Within the entries below, find the portion that opens with the line containing "CANDY CANE ATTIRE" and closes with the line containing "锣鼓声震,唢呐嘹亮,省级非遗". Retype that portion exactly and only.

--- Exercise data Enclosed Below ---

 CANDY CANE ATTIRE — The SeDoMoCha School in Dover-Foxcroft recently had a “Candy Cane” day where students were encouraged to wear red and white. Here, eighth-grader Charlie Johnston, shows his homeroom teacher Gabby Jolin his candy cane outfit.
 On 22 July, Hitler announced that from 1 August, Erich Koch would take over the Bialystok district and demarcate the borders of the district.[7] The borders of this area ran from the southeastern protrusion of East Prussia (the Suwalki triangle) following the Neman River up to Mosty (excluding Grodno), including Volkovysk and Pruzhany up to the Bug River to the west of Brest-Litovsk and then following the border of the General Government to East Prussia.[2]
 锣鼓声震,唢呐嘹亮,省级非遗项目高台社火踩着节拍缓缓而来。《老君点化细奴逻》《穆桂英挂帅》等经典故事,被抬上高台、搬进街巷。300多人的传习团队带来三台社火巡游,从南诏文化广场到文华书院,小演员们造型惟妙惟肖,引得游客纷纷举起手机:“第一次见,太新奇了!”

--- End of Enclosed Exercise data ---
--- Exercise data Enclosed Below ---

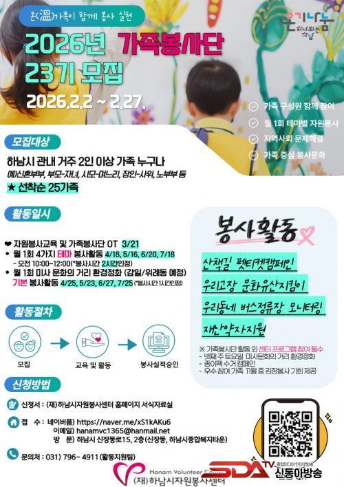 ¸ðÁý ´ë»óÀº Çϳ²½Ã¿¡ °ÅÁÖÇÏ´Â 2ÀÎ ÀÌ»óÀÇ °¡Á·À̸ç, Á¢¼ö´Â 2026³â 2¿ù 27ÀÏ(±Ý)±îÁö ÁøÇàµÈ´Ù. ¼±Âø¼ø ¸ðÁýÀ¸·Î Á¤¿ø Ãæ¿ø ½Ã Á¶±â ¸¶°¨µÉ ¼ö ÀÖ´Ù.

--- End of Enclosed Exercise data ---

Task output:
 CANDY CANE ATTIRE — The SeDoMoCha School in Dover-Foxcroft recently had a “Candy Cane” day where students were encouraged to wear red and white. Here, eighth-grader Charlie Johnston, shows his homeroom teacher Gabby Jolin his candy cane outfit.
 On 22 July, Hitler announced that from 1 August, Erich Koch would take over the Bialystok district and demarcate the borders of the district.[7] The borders of this area ran from the southeastern protrusion of East Prussia (the Suwalki triangle) following the Neman River up to Mosty (excluding Grodno), including Volkovysk and Pruzhany up to the Bug River to the west of Brest-Litovsk and then following the border of the General Government to East Prussia.[2]
 锣鼓声震,唢呐嘹亮,省级非遗项目高台社火踩着节拍缓缓而来。《老君点化细奴逻》《穆桂英挂帅》等经典故事,被抬上高台、搬进街巷。300多人的传习团队带来三台社火巡游,从南诏文化广场到文华书院,小演员们造型惟妙惟肖,引得游客纷纷举起手机:“第一次见,太新奇了!”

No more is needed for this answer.